I have a problem of outlier detection, So let $X = \{x_1, \cdots, x_N \}$ be a data set containing $N$ observations, for example, an Human Height dataset of size $N = 10$:
$X = {180, 170, 172, 190, 255, 210, 183, 178, 185, 175}$

I have two categories of outlier detection algorithm.

The first category will give me a subset $S \subset X$, $|S| = n$, containing the observations considered outliers. Let consider $n$ fixed for all the possible outlier detection solution, for example, $n = 3$, and we are looking only for the outliers in the upper bound of the data, for example, in the dataset given above, I would be interested only in the tallest people. Different solutions could be:
$S_1 = \{180, 190, 183\}$
$S_2 = \{170, 255, 178\}$
$S_3 = \{255, 190, 210\}$

The example above is only an illustrative example, I know that $n$ and $N$ are too small to CLT holds true, but in the real problem both values will be large enough to it holds true.
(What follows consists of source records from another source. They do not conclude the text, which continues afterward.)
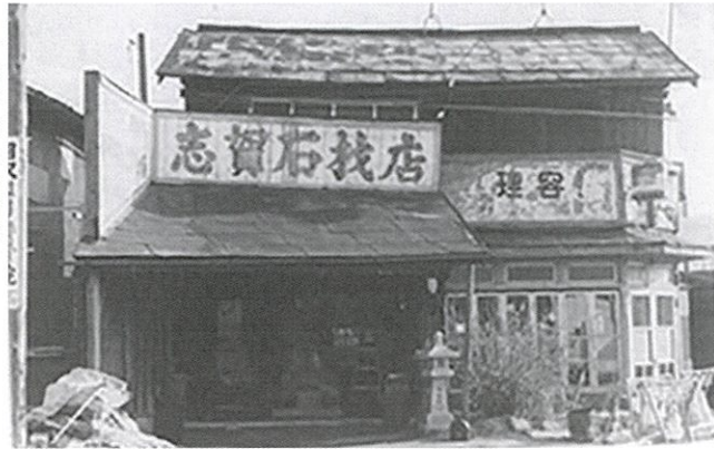
▶創業当時の店舗です

こうして受け継いできた技と信頼が、今日の礎となっております。現在は五代目である息子へと事業をつなぎ、新たな供養のあり方を模索しながら、時
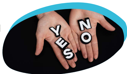
TOMADA DE DECISÕES
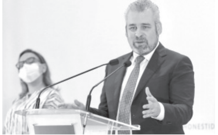
Hemos hecho un gran esfuerzo para el pago de estos mil 525 millones de pesos, de los cuales, fueron extraordinarios de la federación 500 millones de pesos.

Finalmente, el gobernador dijo que una gran motivación que tuvo su gobierno para pagar la deuda con el magisterio, es generar las condiciones para que niñas y niños vuelvan a las aulas, por lo que reiteró el llamado a maestras y maestros a volver a las aulas.
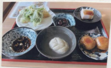
そばづくしの定食もアリ
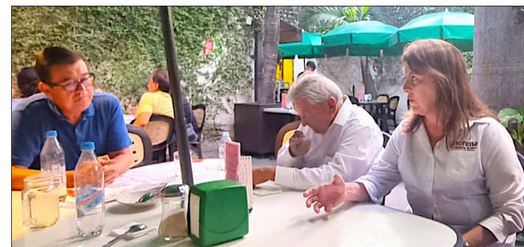
▲ El Patronato del CRI de Jojutla conserva la esperanza de que se mejore la situación para que haya más apoyo para quienes más lo necesitan, tras dos sexenios en que los han “hecho a un lado”.

Finalmente, Sánchez Mote, comentó que pese a ser una reunión muy rápida, tuvieron oportunidad de explicarle cómo han trabajado “que hemos aportado mucho en este centro y que el actual gobierno, como el anterior, no solo no ha trabajado con nosotros, si no que nos ha puesto trabas, nos ha sacado del mismo centro donde sesionábamos y no nos permite entrar ni por nuestras cosas”.
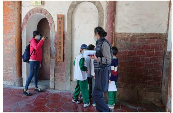
分組解謎任務進行中
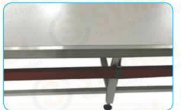
Havalı Masa / Pneumatic Table
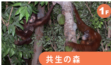
共生の森 ラフレシアやオランウータンなど、赤道直下のボルネオ島の貴重な標本類を展示しています。熱帯雨林を体感しながら「共生の森」について学ぶことができます。
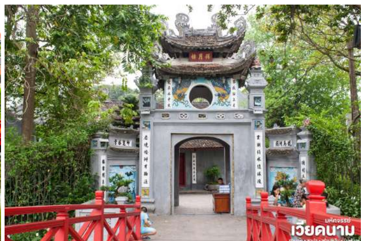
บทศรรย เวียดนาม ฮานอย • ฮาป้า • ฟานซิปป์ • นิงห์บิ่งห์

จากนั้น นำท่านชม สะพานแสงอาทิตย์ สีแดงสดใสสู่กลางทะเลสาบคินดาบ ชมวัดโบราณ วัดห็อกเชิน (ด้านนอก) สถานที่แห่งนี้มี เต่าสตัฟ ขนาดใหญ่ ซึ่งมีความเชื่อว่า เต่าตัวนี้ คือเต่าศักดิ์สิทธิ์ 1 ใน 2 ตัวที่อาศัยอยู่ในทะเลสาบแห่งนี้มาเป็นเวลานาน
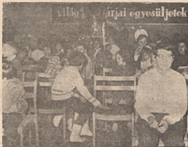
December 22-én az igazgatóság nőbizottsága ez alkalommal is megrendezte a gyermekek között nagy népszerűségnek örvendő filmvetítéssel egybekötött karácsonyfa ünnepséget.

Vállalatunk 1971. évre is megkötötte az NDK cseré-üldetési szerződését. Dolgozóink a következő helyeken és turnusokban üldülhetnek: Steinbach: március 8-tól 22-ig; Schwarzburg: május 27-től június 10-ig; Zinnowitz: június 30-tól július 14-ig, július 14-től jú-

I don't have a specific data, but the data are usually multidimensional (e.g. iris dataset).
So, assuming that the CLT will hold true, if I average the $n$ values contained in $S$ I know from the distribution of the sample means that all possibles realization of $S$ will follow a Normal $\mathcal{N}(E, Var)$, so I can statically evaluate all the solutions and compare to a random solution.

My problem is in the second category of algorithms, instead of give a subset $S \subset X$, it will give a set of scores $w = \{ w_1, \cdots, w_N \}$, $w_i$ in th interval $$0, 1$$, where $w_i$ represents the outlier score (probability) associated with the observation $x_i$. Different solutions could be:
$w_1 = \{ 0, 0, 0, 1, 0.9, 0.5, 0, 1, 0.3, 0.1 \}$
$w_2 = \{ 0, 0, 0, 1, 1, 1, 0, 0, 0, 0 \}$
$w_3 = \{ 1, 1, 1, 1, 1, 1, 1, 1, 1, 1 \}$

Here I am averaging the values contained in the solution again, but now I am using a weighted average instead ($\frac{1}{\sum_{i = 1}^N w_i}\sum_{i = 1}^N w_i \cdot x_i$), the idea the higher the value the better the solution.

My question is: Can I in some way still use the CLT in the second case? in order to statically evaluate the solutions? If my weights were constants I would say yes, but the weights are a random variable itself.